Daß die Sache so gut funktioniert, hat mit den Darstellern zu tun, die Regisseur Dan Trachtenberg im engsten Ambiente eines Bunker-Kellers so bemerkenswert führt. Und Mary Elizabeth Winstead als Michelle, die sich gefangen findet, überzeugt mit ihrem intelligenten Gesicht ohne weiteres davon, daß sie jetzt nicht in angstvolles Gewimmere ausbricht, sondern ziemlich schnell versucht, sich zu orientieren, etwas zu unternehmen und aus einer unguten Situation das Beste zu machen.
Großartig ist es auch, den Mann, der sie festhält, diesen Howard, mit John Goodman zu besetzen, denn einerseits ist sein Image (aus vielen Filmen früherer Zeiten) so positiv, daß man ihn als das nehmen würde, was er angibt: ein Retter für Michelle aus der Not. Andererseits benimmt er sich so, gelinde gesagt, seltsam, daß man die längste Zeit nicht weiß, was man denken soll. Und das ist gut für die Spannung.

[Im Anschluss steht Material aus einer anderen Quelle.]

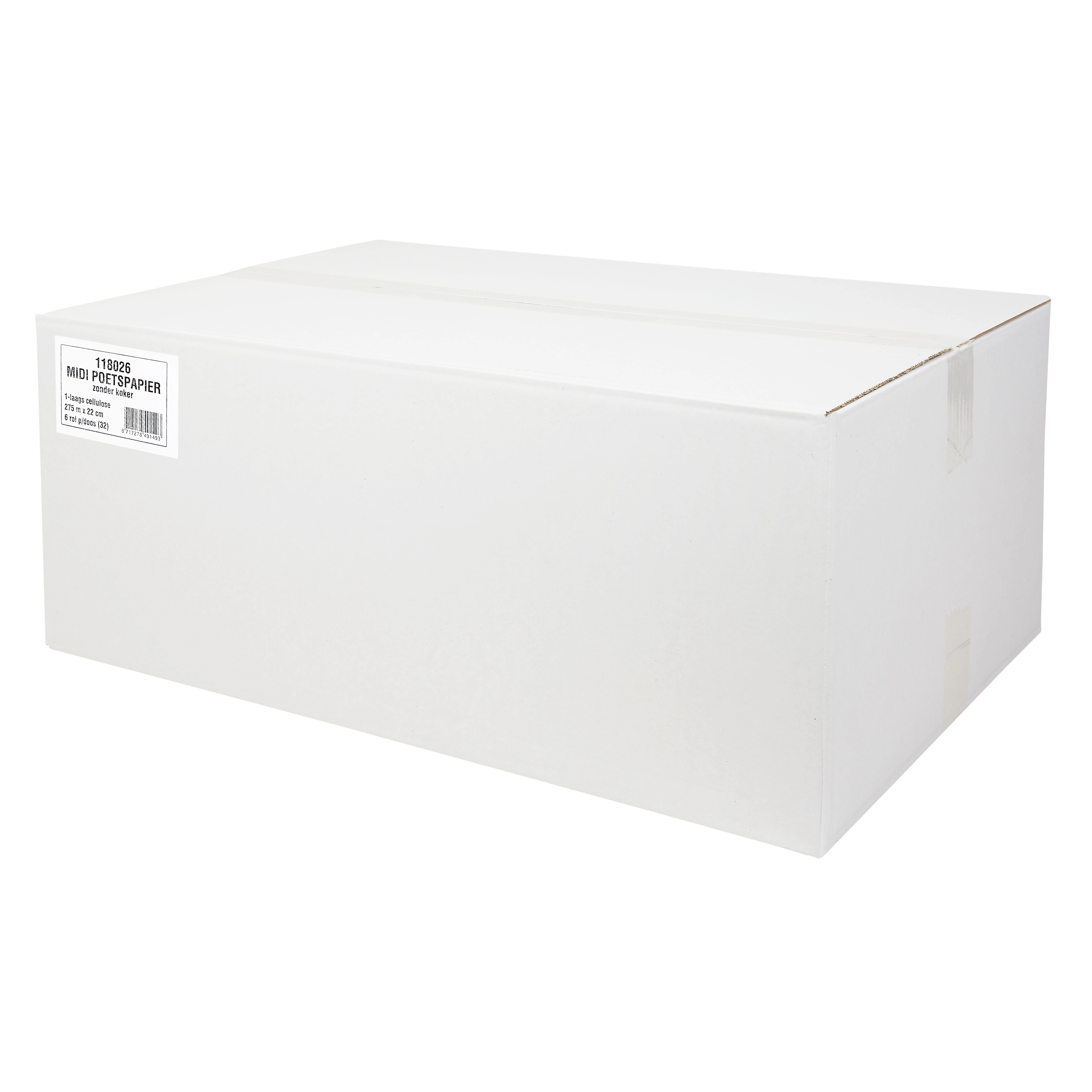 Midi-Rolle, 1-lagiger Zellstoff Weiß, 6 x 275 m. Die Rolle ist 22 cm breit. Dieses sehr weiche Papier weist eine hohe Saugfähigkeit auf, da es aus Zellstofffasern hergestellt ist. Diese Eigenschaften machen dieses Papier überaus geeignet für den Einsatz in der Kantine oder Küche.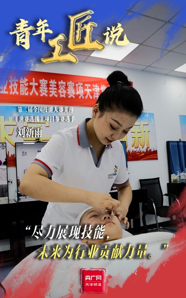 在天津,本屆全國(guó)技能大賽還將展開一場(chǎng)關(guān)于“美”的精彩比拼。即將參加美容(世賽選拔)項(xiàng)目的劉新雨正在集訓(xùn)基地中進(jìn)行訓(xùn)練。本次比賽內(nèi)容共設(shè)置了5個(gè)模塊及11個(gè)子模塊,高難度的比賽及細(xì)致的考核要求,對(duì)選手的素質(zhì)、體力和心理都是極大的挑戰(zhàn)?!拔夷軈⒓舆@個(gè)比賽感到很榮幸,通過比賽訓(xùn)練,既能考驗(yàn)自己的技能水平,又能開闊眼界。”劉新雨說,“在這個(gè)過程中,我也正不斷挑戰(zhàn)自我,發(fā)現(xiàn)新的自己。”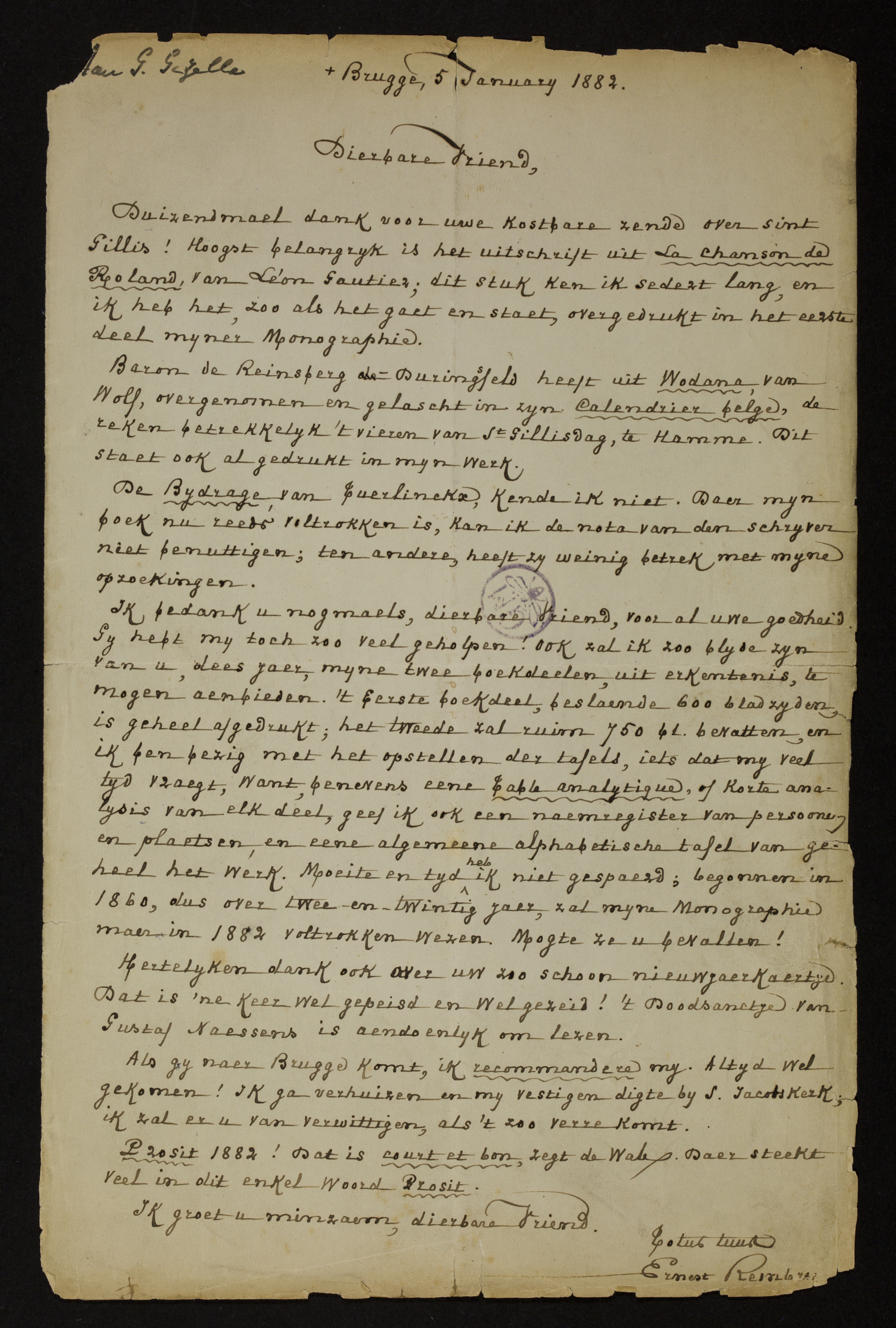 Duizendmael dank voor uwe kostbare zende over sint Gillis! Hoogst belangryk is het uitschrift uit La chanson de Roland, van Léon Gautier; dit stuk ken ik sedert lang, en ik heb het, zoo als het gaet en staet, overgedrukt in het eerste deel myner monographie.[1]

Und da ist auch noch ein dritter Mann, Emmett (sehr überzeugend: John Gallagher jr.), eher ein schlichtes Geschöpf, der aber etwas sehr gut kann, nämlich sich unter denjenigen zu ducken, der die Macht hat, und das ist Howard. Michelle hingegen beginnt unausgesprochen, aber für den Zuschauer mit Interesse zu betrachten, mit ihren Strategien…
 
Tatsache ist, daß Howard behauptet, draußen habe ein „Überfall“ auf die Erde stattgefunden und Michelle, Emmett und er seien nur in diesem sorglich ausgestatteten Bunker sicher. Nun bezweifelt man solche Aussagen gemeinsam mit Michelle, andererseits (wir sind im Kino) ist es natürlich nicht völlig ausgeschlossen. Wie sie nun einerseits beginnt, das Terrain räumlich zu erforschen, andererseits, die Männer gegen einander auszuspielen, das steigert sich in minimalen Werten in eine immer stringentere Situation hinein.
Bis es dann zur „Explosion“ so oder so (verraten möchte man es nicht) kommt, und was, wenn es denn die „Freiheit“ gäbe, auf Michelle wartet – das sollte man sich schon selbst ansehen. Das gibt eindreiviertel legitim spannende Kinostunden.
Und sagen wir so: Mögen auch „Monster“ auftauchen, Filme wie dieser beweisen es ja doch – der wahre Horror sitzt  im Kopf.